• _Material provided_:

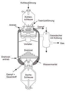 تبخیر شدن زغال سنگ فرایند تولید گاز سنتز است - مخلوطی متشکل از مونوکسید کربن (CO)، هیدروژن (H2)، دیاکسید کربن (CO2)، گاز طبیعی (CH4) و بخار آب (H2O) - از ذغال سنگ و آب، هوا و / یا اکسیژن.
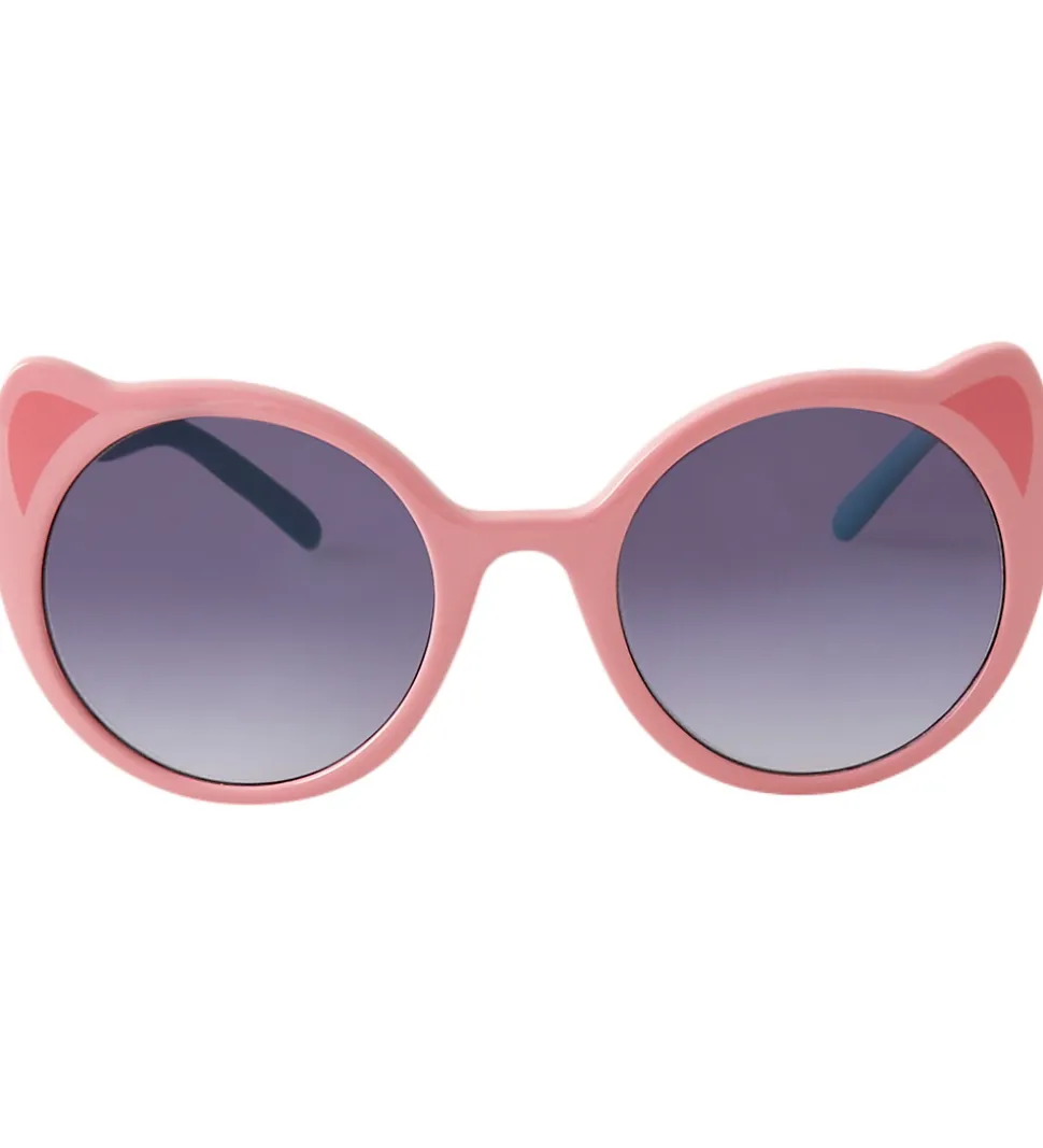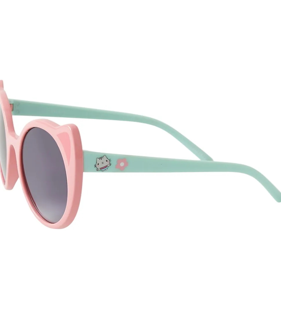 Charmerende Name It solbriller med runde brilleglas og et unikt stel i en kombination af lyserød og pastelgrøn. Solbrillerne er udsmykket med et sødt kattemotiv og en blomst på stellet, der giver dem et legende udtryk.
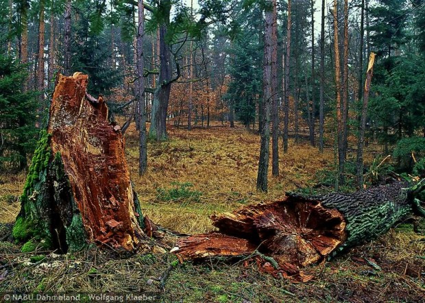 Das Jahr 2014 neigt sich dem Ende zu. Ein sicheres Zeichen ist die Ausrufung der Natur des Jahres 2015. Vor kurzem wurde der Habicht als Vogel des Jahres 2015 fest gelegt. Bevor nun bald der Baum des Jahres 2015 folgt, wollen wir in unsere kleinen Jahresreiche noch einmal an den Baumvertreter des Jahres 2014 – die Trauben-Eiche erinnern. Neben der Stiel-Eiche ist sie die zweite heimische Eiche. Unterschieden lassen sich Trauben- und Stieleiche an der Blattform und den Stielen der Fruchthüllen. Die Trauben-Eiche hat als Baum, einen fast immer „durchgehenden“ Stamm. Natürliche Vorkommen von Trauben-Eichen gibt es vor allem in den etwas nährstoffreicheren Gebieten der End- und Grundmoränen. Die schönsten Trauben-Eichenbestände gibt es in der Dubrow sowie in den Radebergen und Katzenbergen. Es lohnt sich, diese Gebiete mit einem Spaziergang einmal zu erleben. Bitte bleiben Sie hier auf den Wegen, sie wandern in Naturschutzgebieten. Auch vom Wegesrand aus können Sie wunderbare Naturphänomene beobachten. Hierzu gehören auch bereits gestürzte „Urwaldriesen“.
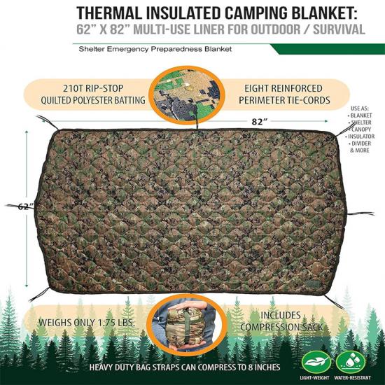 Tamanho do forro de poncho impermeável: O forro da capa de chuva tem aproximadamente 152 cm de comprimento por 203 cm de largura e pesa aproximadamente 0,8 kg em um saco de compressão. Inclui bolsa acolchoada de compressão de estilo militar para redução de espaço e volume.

--

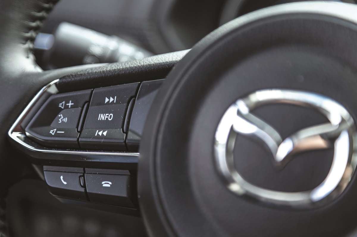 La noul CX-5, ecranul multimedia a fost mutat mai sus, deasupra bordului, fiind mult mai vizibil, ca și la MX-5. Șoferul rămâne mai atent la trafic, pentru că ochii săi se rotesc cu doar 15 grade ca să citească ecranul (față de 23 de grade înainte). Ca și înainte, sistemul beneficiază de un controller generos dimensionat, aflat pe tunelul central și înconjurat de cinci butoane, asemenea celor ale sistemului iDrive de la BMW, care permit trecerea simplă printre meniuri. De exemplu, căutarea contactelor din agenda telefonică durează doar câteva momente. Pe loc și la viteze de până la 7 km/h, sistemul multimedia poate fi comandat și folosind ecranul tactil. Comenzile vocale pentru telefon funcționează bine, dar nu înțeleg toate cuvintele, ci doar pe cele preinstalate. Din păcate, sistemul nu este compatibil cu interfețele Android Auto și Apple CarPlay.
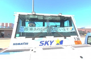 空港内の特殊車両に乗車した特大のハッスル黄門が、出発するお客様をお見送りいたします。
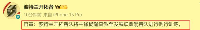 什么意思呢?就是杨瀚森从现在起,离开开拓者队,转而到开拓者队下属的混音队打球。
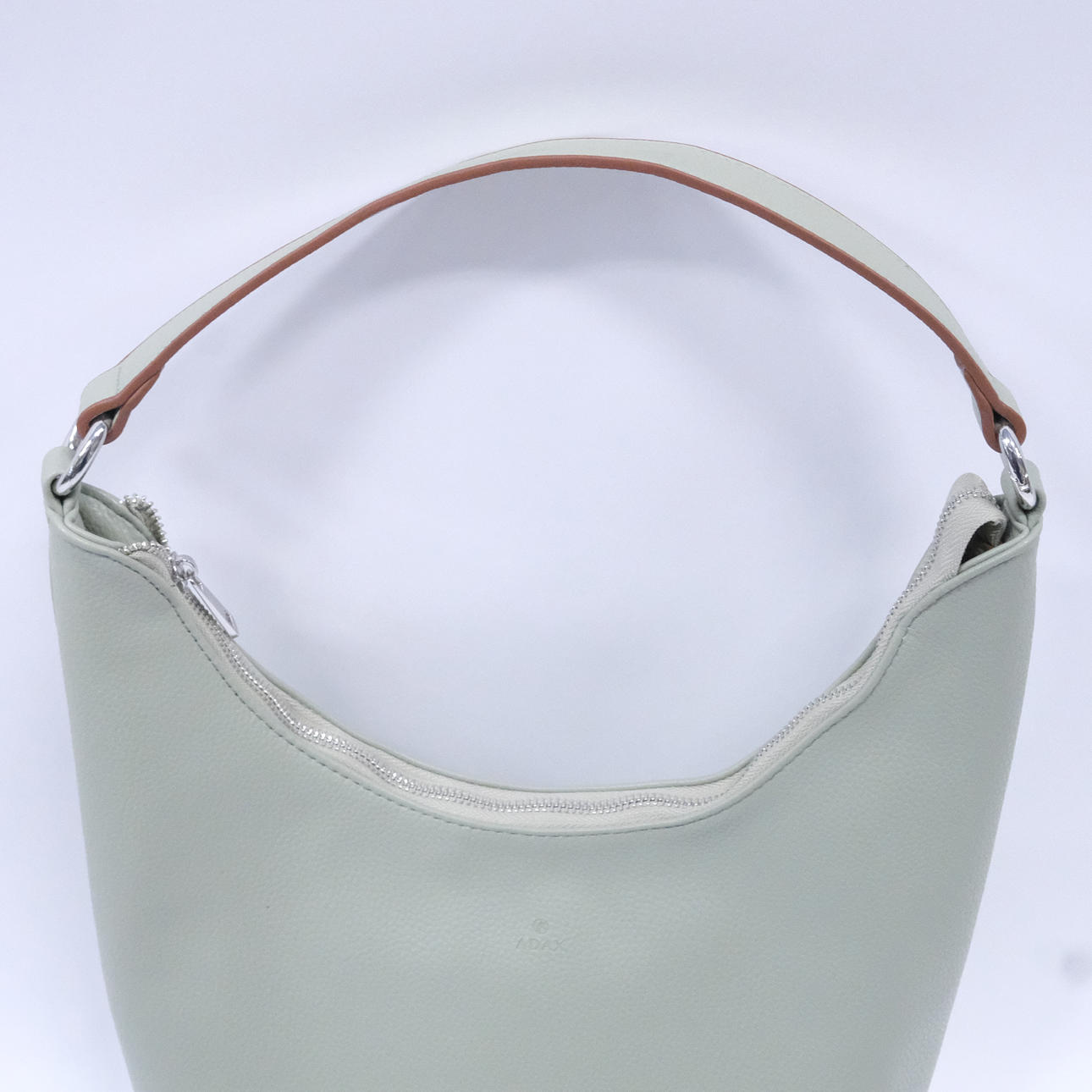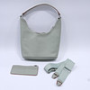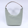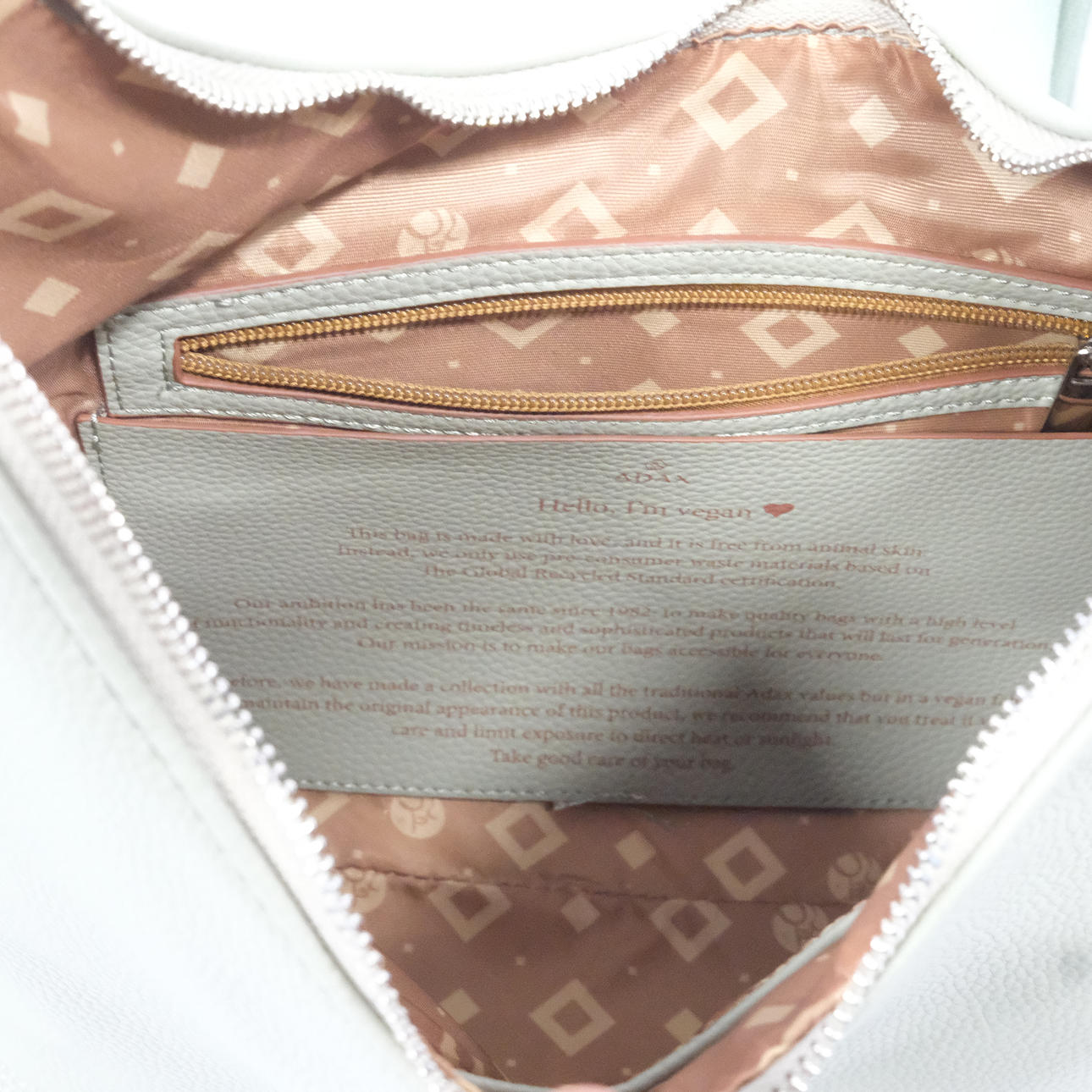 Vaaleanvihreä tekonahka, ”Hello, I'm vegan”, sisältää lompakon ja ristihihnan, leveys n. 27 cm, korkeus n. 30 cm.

• _What you should do_: What to print is the stretch of entries from the line with "空港内の特殊車両に乗車した特" up to and including the line with "korkeus n. 30 cm.". Please print it exactly and leave out the pictures.

• _Response_:
 空港内の特殊車両に乗車した特大のハッスル黄門が、出発するお客様をお見送りいたします。
 什么意思呢?就是杨瀚森从现在起,离开开拓者队,转而到开拓者队下属的混音队打球。
 Vaaleanvihreä tekonahka, ”Hello, I'm vegan”, sisältää lompakon ja ristihihnan, leveys n. 27 cm, korkeus n. 30 cm.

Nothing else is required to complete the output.